Personas, Scenarios & Runs
Create AI-powered synthetic personas and scenario scripts, launch batch runs across all combinations, and analyze results in the run matrix and analytics dashboard.
Navigation
Inside a project, click NovaSynth in the sidebar. The sub-tabs are:
Personas
A persona describes the synthetic caller — their identity, goal, language, and behavioral traits. The NovaSynth LLM impersonates this persona during every session.

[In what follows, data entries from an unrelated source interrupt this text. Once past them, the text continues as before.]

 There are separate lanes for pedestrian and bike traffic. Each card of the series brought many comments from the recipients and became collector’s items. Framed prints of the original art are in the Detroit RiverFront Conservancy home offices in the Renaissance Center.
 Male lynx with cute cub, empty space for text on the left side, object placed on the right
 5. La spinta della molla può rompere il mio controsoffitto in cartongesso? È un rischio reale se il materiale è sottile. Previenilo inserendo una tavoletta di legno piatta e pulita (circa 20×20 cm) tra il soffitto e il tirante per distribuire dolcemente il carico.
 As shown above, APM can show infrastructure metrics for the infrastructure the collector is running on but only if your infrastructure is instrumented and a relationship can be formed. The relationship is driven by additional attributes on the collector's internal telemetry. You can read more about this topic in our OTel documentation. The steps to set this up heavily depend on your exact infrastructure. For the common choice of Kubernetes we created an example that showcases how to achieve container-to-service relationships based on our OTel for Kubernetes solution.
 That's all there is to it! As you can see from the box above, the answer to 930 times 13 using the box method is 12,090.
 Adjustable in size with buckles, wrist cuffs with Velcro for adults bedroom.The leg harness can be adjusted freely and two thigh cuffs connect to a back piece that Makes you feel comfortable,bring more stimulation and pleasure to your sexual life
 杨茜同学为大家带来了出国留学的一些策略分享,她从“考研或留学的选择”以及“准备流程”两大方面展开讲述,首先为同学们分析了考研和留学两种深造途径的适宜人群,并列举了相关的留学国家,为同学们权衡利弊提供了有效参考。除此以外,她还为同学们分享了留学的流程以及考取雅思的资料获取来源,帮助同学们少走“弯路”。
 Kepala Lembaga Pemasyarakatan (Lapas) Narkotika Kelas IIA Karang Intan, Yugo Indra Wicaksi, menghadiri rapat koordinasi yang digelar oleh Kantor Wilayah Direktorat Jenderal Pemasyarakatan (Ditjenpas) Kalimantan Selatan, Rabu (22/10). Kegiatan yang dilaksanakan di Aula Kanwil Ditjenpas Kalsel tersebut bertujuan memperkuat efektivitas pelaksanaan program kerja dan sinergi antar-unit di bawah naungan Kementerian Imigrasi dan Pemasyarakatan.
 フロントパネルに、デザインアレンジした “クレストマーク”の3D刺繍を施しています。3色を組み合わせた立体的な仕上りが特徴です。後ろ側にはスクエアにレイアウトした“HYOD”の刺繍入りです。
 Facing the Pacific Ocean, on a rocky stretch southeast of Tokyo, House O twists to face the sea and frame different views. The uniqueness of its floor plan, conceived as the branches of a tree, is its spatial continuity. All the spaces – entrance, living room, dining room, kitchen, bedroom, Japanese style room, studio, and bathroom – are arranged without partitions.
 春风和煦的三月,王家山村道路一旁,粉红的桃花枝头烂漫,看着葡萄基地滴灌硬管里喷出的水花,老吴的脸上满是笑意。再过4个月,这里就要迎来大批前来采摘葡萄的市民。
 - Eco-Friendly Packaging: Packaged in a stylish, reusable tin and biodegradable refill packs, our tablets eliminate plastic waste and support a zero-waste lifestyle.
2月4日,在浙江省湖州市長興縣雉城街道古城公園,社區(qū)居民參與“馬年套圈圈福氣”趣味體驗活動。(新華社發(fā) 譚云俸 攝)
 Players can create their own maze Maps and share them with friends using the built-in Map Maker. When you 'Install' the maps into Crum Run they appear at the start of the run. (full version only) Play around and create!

Creating a persona manually
Navigate to NovaSynth → Personas and click + Create Persona.

Persona fields
| Field | Description |
|---|---|
| Name ★ | Display name shown in the run matrix (e.g., Impatient Customer, Rajesh Kumar) |
| Goal ★ | What the synthetic caller is trying to achieve in the conversation |
| Description | Brief internal summary of this persona |
| Interruptions | How often the persona interrupts the agent — slider from 0 (never) to 1 (frequently), default 0.50 |
| Speed of Talking | Speech rate multiplier — slider from 0.7× to 1.2×, default 1.0× |
| Background Noise | Optional ambient noise type (e.g., office, cafe, street) |
| Background Noise Level | Noise volume — slider from 5 to 90, default 25 |
| Tone Preference | Overall communication tone (e.g., neutral, polite, assertive) |
| Gender | Optional demographic context |
| Age | Optional (e.g., 35) |
| Occupation | Optional (e.g., Software Engineer) |
★ Required fields.
Generating personas with AI
The Generate with AI button (Sparkles icon, top right of the Personas tab) creates multiple realistic personas in one shot from a plain-text description.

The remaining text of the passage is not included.